Он пожал плечами. Галер не мог вернуться в Петербург без денег.
Останкино
– Задержать! Задержать! – кричал всадник в голубом жандармском мундире, врываясь в ворота. Ротмистр Голиков недоуменно взглянул в его сторону, потом быстро перевел хмурый взгляд на доктора Галера, еще не понимая, к кому обращен приказ, кого надо задержать. В этот момент Луиза де Вейль схватила доктора за рукав и рывком втащила в дверной проем.
– Хватай их! – кричал скачущий жандарм, колотя каблуками по бокам лошади.
Последнее, что увидел Федор Никитич, – комья земли, летящие из-под копыт, и бешеные глаза человека, горящие из-под фуражки. И тут что-то гулко ухнуло под полом, и тяжелая дверь сама собой захлопнулась. Луиза сбросила на пол свою сумку и устало привалилась к стене, тяжело дыша.
– Вот черт, – пробормотал доктор, тоже роняя свой мешок.
Галер огляделся. Итак, они внутри Обители. Толстая пыль покрывала пол, и по ней узором струились мышиные следы. Доктор повернулся:
– Вам нехорошо?
Девушка кивнула.
– Думала, здесь будет совсем темно, – сдавленно сказала она.
– Наверное, наверху есть оконца, – ответил Галер. – Скорее всего, глубоко под крышей, с толстыми стеклами, иначе намело бы мусора, да и птицы… Вы бледны…
– Ничего, – ответила девушка и с трудом отлепилась от стены
Света едва хватало, чтобы различать стены зала с барельефами. Потолок, напротив, был ничем не примечателен, кроме спиралевидного рисунка. Доктор посмотрел вниз и указал на пол в центре зала.
– Кажется, там мозаика, отсюда плохо видно. Пыль мешает. Но я не вижу никаких дверей, а такого не может быть.
Луиза, казалось, успокоилась. Ее бурное дыхание и бледность Галер отнес насчет стремительного рывка в двери Обители, прочь от всадника и от странных охранников.
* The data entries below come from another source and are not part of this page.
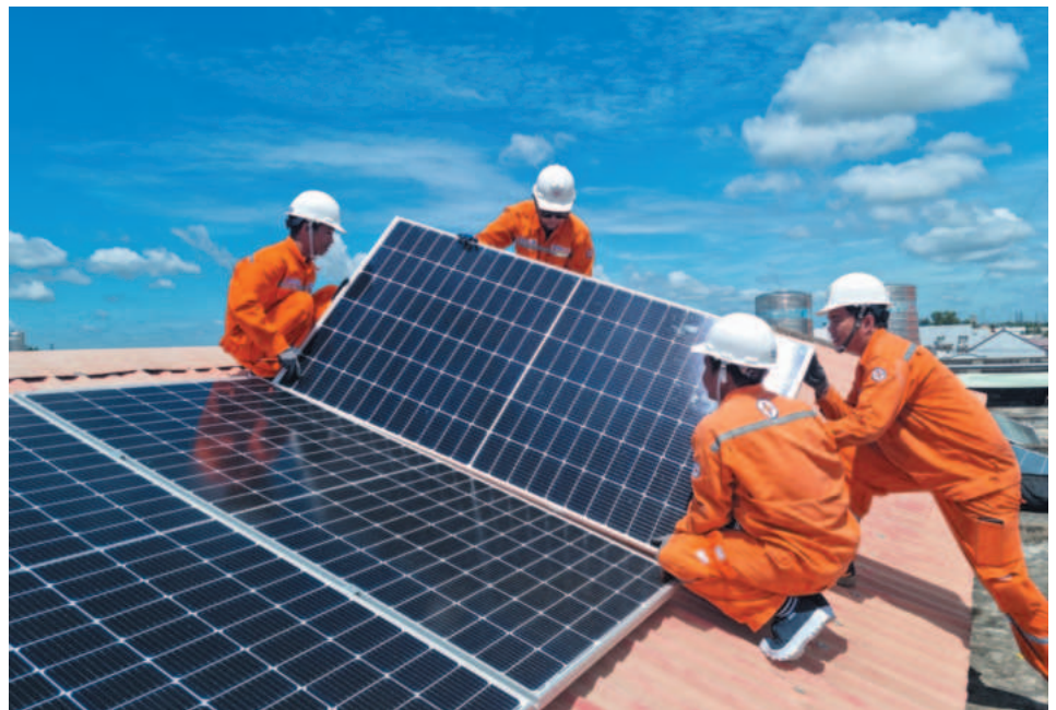
Utilizing rooftop solar power not only enables businesses to reduce costs and generate electricity for production but also enhances their competitive edge in export markets

In addition to financial concerns, the Ministry of Industry and Trade's cap on the grid-connected rooftop solar power capacity of 2,600 MW according to Power Plan 8 also makes businesses worried about the limit imposed on their installed capacity. Hence, they also proposed that the Government consider expanding the installed capacity of solar power in the plan or removing the quota allocated to provinces and cities so as to encourage and attract economic sectors and people to invest in installing rooftop solar power for manufacturing and business and help ensure national energy security. ■
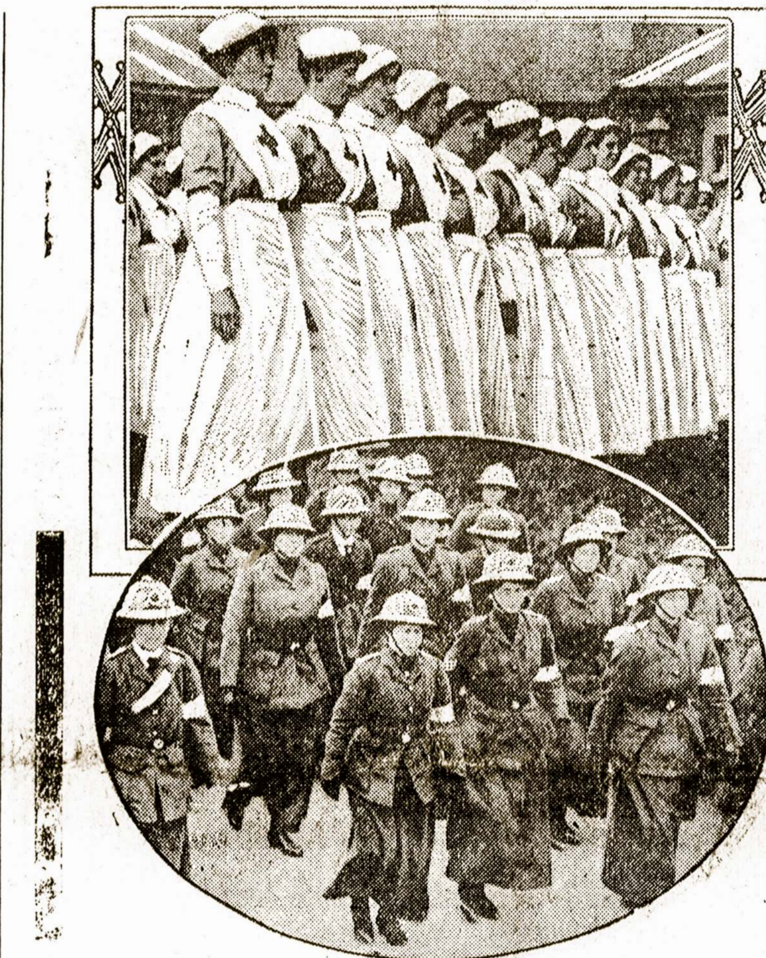
Anglų narsės, kurios dabar dirba ant Europos karės lauko.

Rusai norėjo paimti šturmu apginklią liniją nuo Przemyslilio iki Jaroslavu, bet jiems nepasisekė. Austrai laikosi ap-
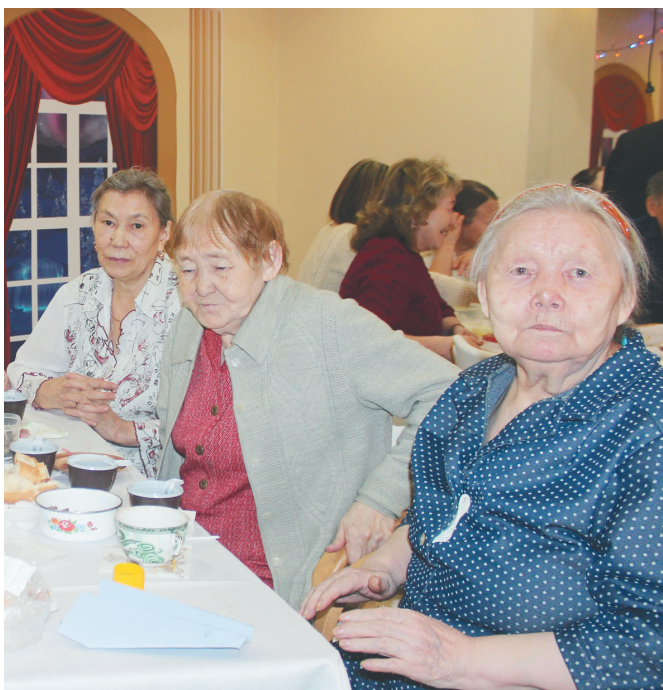
Теда’ нармы ненэцие” Советхана пиванда манзаяда үока нэңгу. Серм’ теневаб”, нянанда нарка тоенанада яңгода.

Харта нод” иланда ямбан’ техэ яхананда Хальмер” Седе’ няна палытанаңэ тарасэ. Юкад вата си”ив по’ ямбан’ пыда ила’ ватом’ мадавы”, хадкэпявы” серо тидхалембисэ. Үока серм’ техэ паңгханда тэврамбидасэ. Нылана хэ”мяхаданда факторияхана манзарасэ.
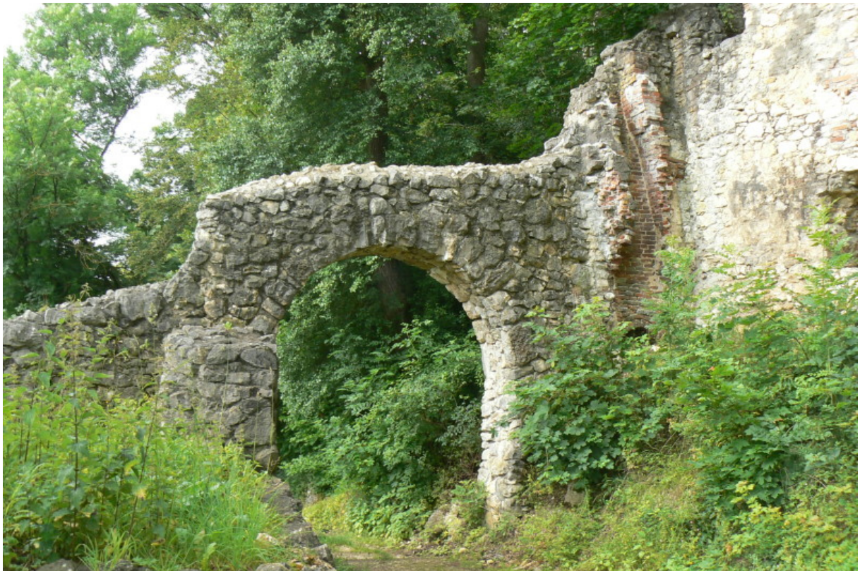
Inneres Tor mit Kaminrest (vor der Sanierung)

Rechts, an der Südostecke, steht ein restaurierter Eckturm mit Spitzdach. Nach dem einstigen Zwinger folgt das zweite Tor. Hier befand sich früher ein Torhaus, durch welches das Tor in den Innenhof führte. Ein Rest von Wohnlichkeit finden wir direkt hinter dem Tor an der Mauer- den Rest eines alten Kamins, welcher dem Torwächter einst Wärme spendete.
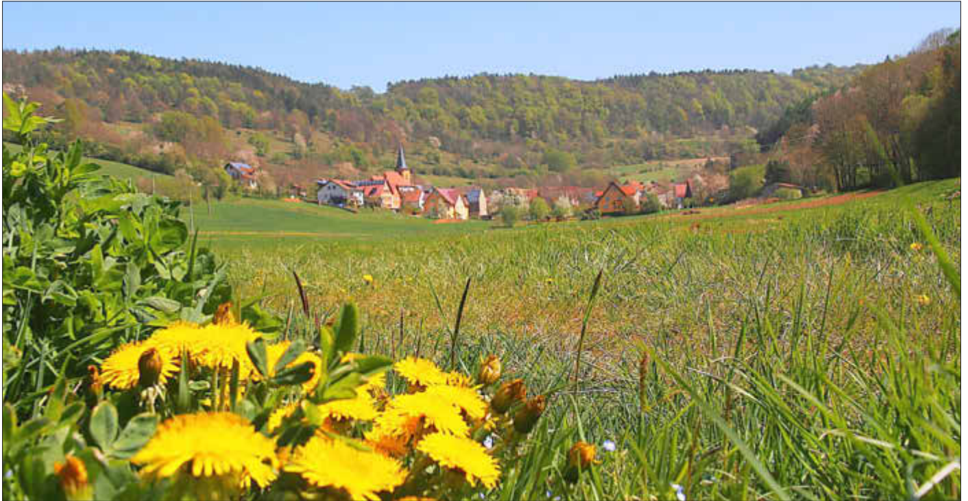
Blick auf Oberküps

Amtliches Bekanntmachungsorgan des Marktes Ebenfeld
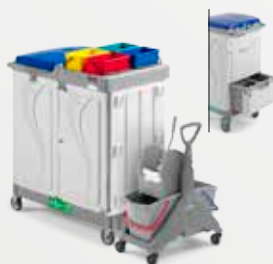
Art. MA080114U000 98x58x114 cm
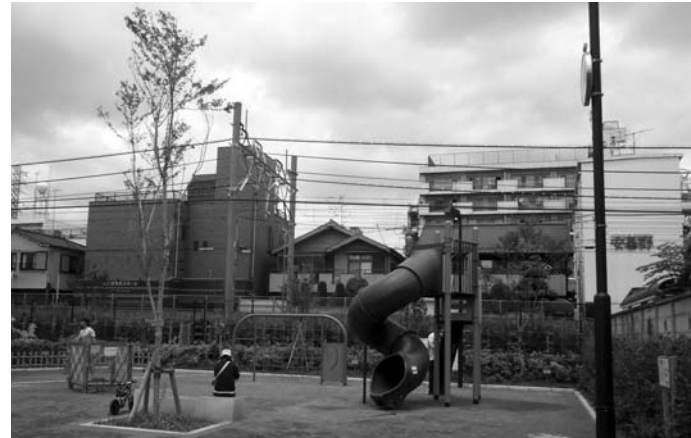
▲公園内の様子。子ども用の遊具と健康遊具が整備されています。
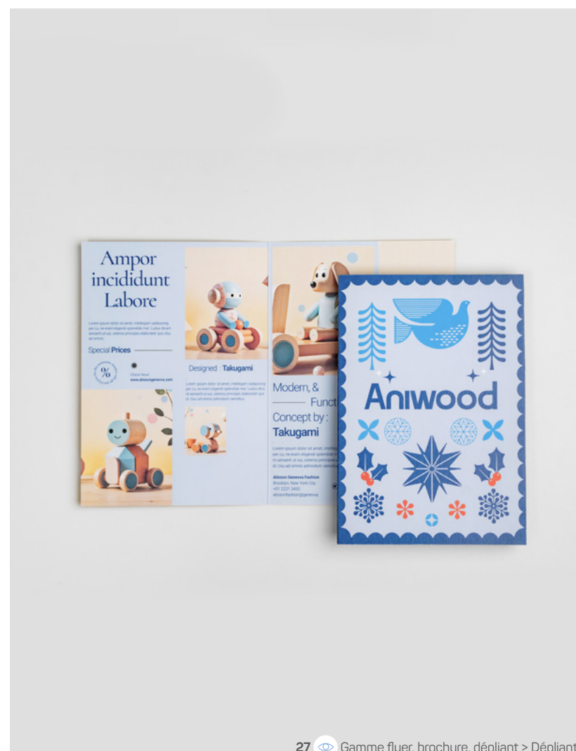
27 Gamme flyer, brochure, dépliant > Dépliant

– Барельефы, – Галер указал на фигуры вдоль стен, – возможно, дверь спрятана между ними. Вы можете понять, что они означают?
Луиза лихорадочно осмотрелась.
– Я попробую…
– Надеюсь, вы не боитесь закрытых комнат… – пробормотал Галер.
– Что?
– Я протру мозаику на полу – вдруг она подскажет, как найти дверь.
Он стянул с себя галстук, намереваясь использовать его как тряпку.
– Стойте! – приказала девушка.
– Что?
– Здесь могут быть ловушки.
Галер остановился.
– Чепуха, – сказал он раздосадованно. – Какие ловушки?
Однако мгновением позже он и сам почувствовал приступ тревоги. Галер осторожно сделал два шага по направлению к мозаике в центре зала, ступая по мягкому ковру пыли. Потом остановился и прислушался. Снаружи доносились едва слышные крики – вероятно, прискакавший жандарм разносил ротмистра Голикова и всю его команду.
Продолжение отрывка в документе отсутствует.